The reverse osmosis membrane module adopts a roll type organic composite membrane, so that the discharged water enters the clear water tank after reaching the discharge standard, and the rest part is discharged.

In order to further optimize the above technical solution, the method further comprises: discharging sludge generated after the treatment of the nitration reactor in the step S41 and the treatment of the biomass carbon adsorption tank in the step S42 into a sludge storage tank, then feeding the sludge into a sludge dewatering device, and recharging the dewatered and concentrated sludge into a temporary garbage storage area by a sludge pump; and (4) refluxing the supernatant obtained after dehydration to an adjusting tank. And sludge generated after the treatment of the biomass carbon adsorption tank and the nitration reactor firstly enters the sludge storage tank and then enters the sludge dewatering device, and the dewatered and concentrated sludge is pumped back to the temporary garbage storage area by the sludge pump.

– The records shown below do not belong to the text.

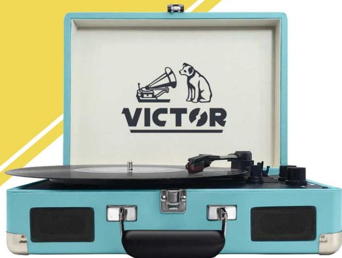
METRO DUAL BLUETOOTH SUITCASE (TURQUOISE)
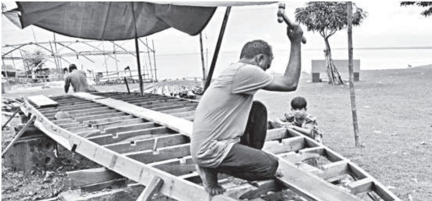
As the Padma River's water level rises in Rajshahi, fishermen spring back to life, busy building and repairing boats to set out with nets for fishing.
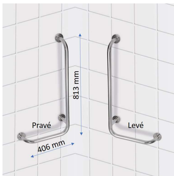
Nástěnné opěrné držadlo 406x813
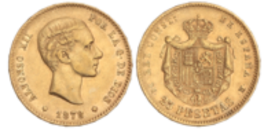
549 325 €
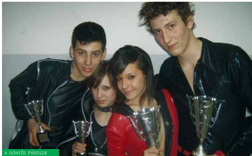
A DÖNTŐS PÁROSOK
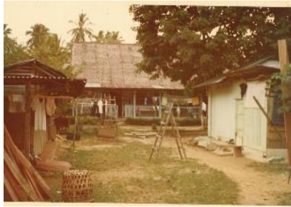
静山的甘榜屋，年份不详
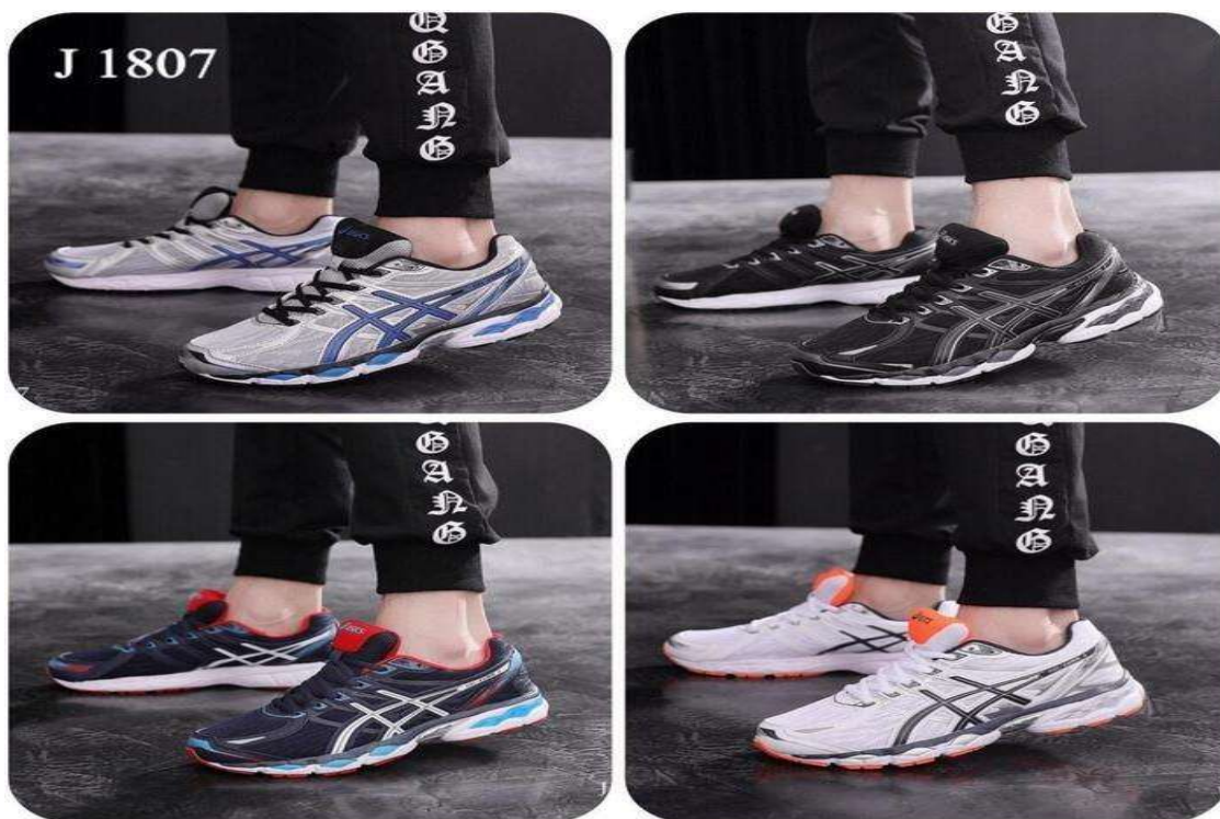
Gambar 3. 3. Produk Sepatu Pria
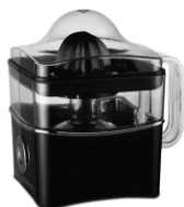
Citrus juicer CR 4001

In order to further optimize the above technical solution, the deodorization processing step includes:

s51: the malodorous gas enters a malodorous gas absorption reactor; activated carbon is added into the malodorous gas absorption reactor; adding activated carbon into the malodorous gas absorption reactor to absorb part of malodorous gas;

s53: the malodorous gas treated in the step S52 enters a microwave UV photolysis reactor for oxidative decomposition; under the combination of multiple reaction mechanisms of ultraviolet photolysis, ozone oxidation, photocatalytic oxidation and microwave cracking, odor molecules in malodorous gas are oxidized and decomposed, and part of malodorous gas is purified;

In order to further optimize the above technical solution, the method further comprises: collecting the malodorous gas generated in the processes of garbage mining, transporting, screening and component recovery, and sending the malodorous gas into a malodorous gas absorption reactor for treatment.

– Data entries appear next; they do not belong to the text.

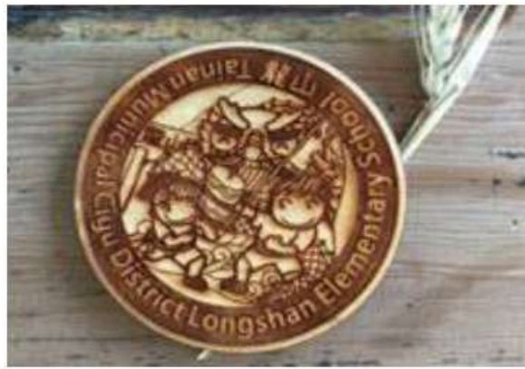
說明：龍山文創商品
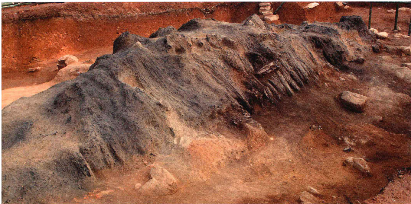
D30M1墓室南部西侧情况(西北—东南)
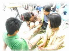
エピソードレーナー

緊急対応が必要とされる場面に、いつ誰が立ち会うことになるか分からない為、教職員全員が対応方法を理解していることが大切という考えのもと、参加した教職員は全員が大変熱心に受講しました。
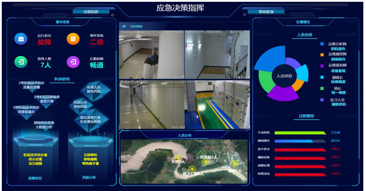
图2 水电站应急指挥可视化技术应用效果
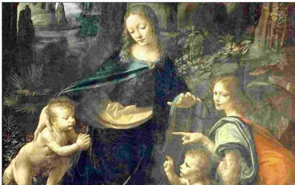
"La Vergine delle rocce" (1483-1486) di Leonardo da Vinci; a destra in alto, dipinto di Boldini e, sotto, Anna Magnani sulla spiaggia del Circeo
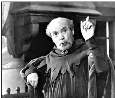
B. Smetana – Čertova stěna, Národní divadlo 1974.

Beno Blachut – operní pěvec *14. 6. 1913 Vítkovice †10. 1. 1985 Praha
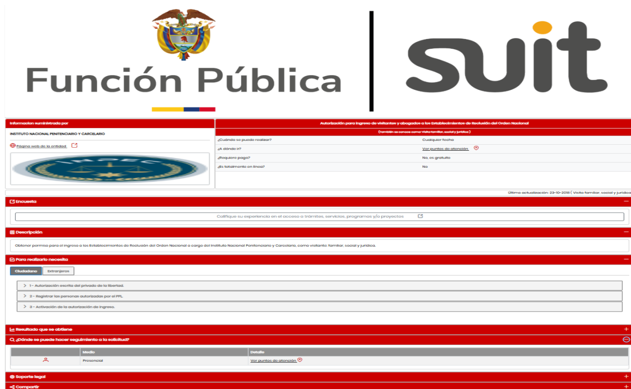
Figura 7. Tramite autorización para ingreso de visitantes y abogados a los ERON
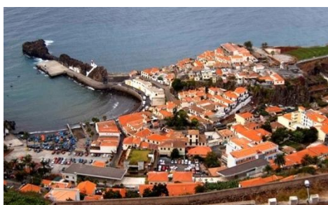
Figura 4 - Baía de Câmara de Lobos

É de salientar que a freguesia de Câmara de Lobos, sede de concelho, à qual pertence a Escola Básica dos 2º e 3º ciclos da Torre, é a que apresenta maior densidade populacional, integrando dois bairros sociais (o da Torre e o do Espírito Santo e Calçada) e seis complexos habitacionais - Quinta do Leme; Serrado do Mar, Torre, Ribeiro Real, Alecrim e Nova Cidade.
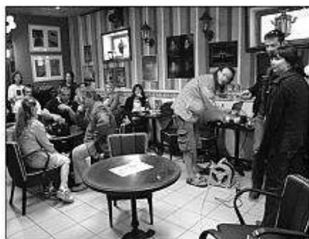
■ Vyhodnotenie Fotomaratónu v Kaviarni Na kus reči.

Referring to fig. 2, the present invention further provides an in-situ resource treatment system for the stored garbage, comprising: the device comprises a garbage temporary storage area 1, a plate feeder 2, a first crushing device 3, a rotary screen 4, a winnowing device 5, a second crushing device 6, a first magnetic separation device 7, a relaxation screen 8, an aerobic biological drying reactor 12, an organic fertilizer compression and packaging device 13, a second magnetic separation device 9, a liquid rotary screen 10, a dehydration device 11, a percolate treatment system 14 and a deodorization system 15; in fig. 2, 16 denotes a light combustible refuse, 17 denotes a hydraulic shovel, and 18 denotes a loader.

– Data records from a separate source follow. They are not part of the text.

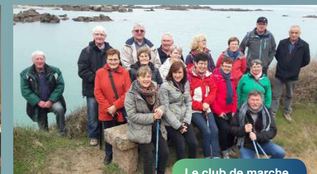
Le club de marche
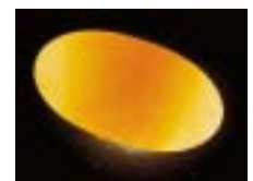
Unbefruchtetes Ei einer Schildkröte ( Claudius angustatus ) nach 4 Wochen Inkubationsdauer

Diese Bilder wurden uns freundlicherweise von Gunther Köhler zur Illustration zur Verfügung gestellt. Weitere herausragende Bilder finden Sie in seinem Buch "Die Inkubation von Reptilieneiern" - ein MUSS für jeden Reptilienfreund. Die Auszüge der Bruttablette entstammen ebenfalls diesem Buch! An dieser Stelle möchten wir uns recht herzlich für die Unterstützung von Elke Köhler, Besitzerin des Herpeton Verlags und Gunther Köhler, dem Buchautor bedanken.
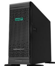
ProLiant ML350 Gen10
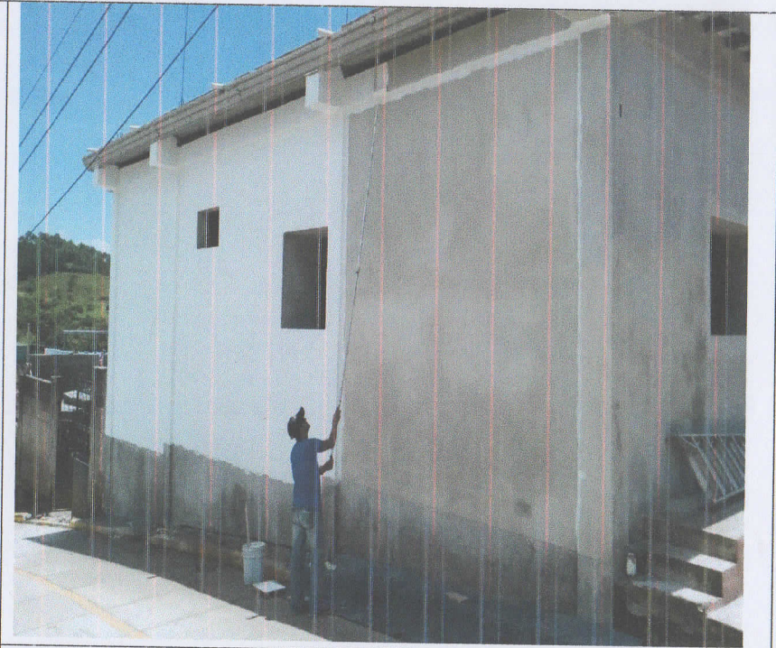
Colocación del sellador para pintura.

Conveying the garbage in the temporary garbage storage area to a plate feeder; the plate feeder is sequentially connected with the first crushing device and the rotary screen; a first outlet of the drum screen is connected with a winnowing device; the first outlet of the winnowing device is connected with a second crushing device, and the second outlet is sequentially connected with a second magnetic separation device, a liquid type drum screen and a dewatering device; the outlet of the dehydration device is connected with the first inlet of the aerobic biological drying reactor;

a second outlet of the rotary screen is connected with the first magnetic separation device and the relaxation screen; wherein, the outlet of the relaxation sieve is connected with the second inlet of the aerobic biological drying reactor; the outlet of the aerobic biological drying reactor is connected with an organic fertilizer compression and packaging device;

the aerobic biological drying reactor is also connected with a percolate treatment system and a deodorization system; and the garbage temporary storage area is also connected with a percolate treatment system.

When specifically realizing, can realize the transportation of rubbish through hydraulic shovel, it is concrete, can adopt the excavator of novel hydraulic pressure gyration material grab ware, novel hydraulic pressure gyration material grab ware mechanism centre gripping rigidity is good, convenient operation, fault rate are low, when lightening operator intensity of labour, have improved security and work efficiency greatly. Correspondingly, a garbage feeding port with the same size as the novel hydraulic rotary material grabbing device is arranged above the plate feeder.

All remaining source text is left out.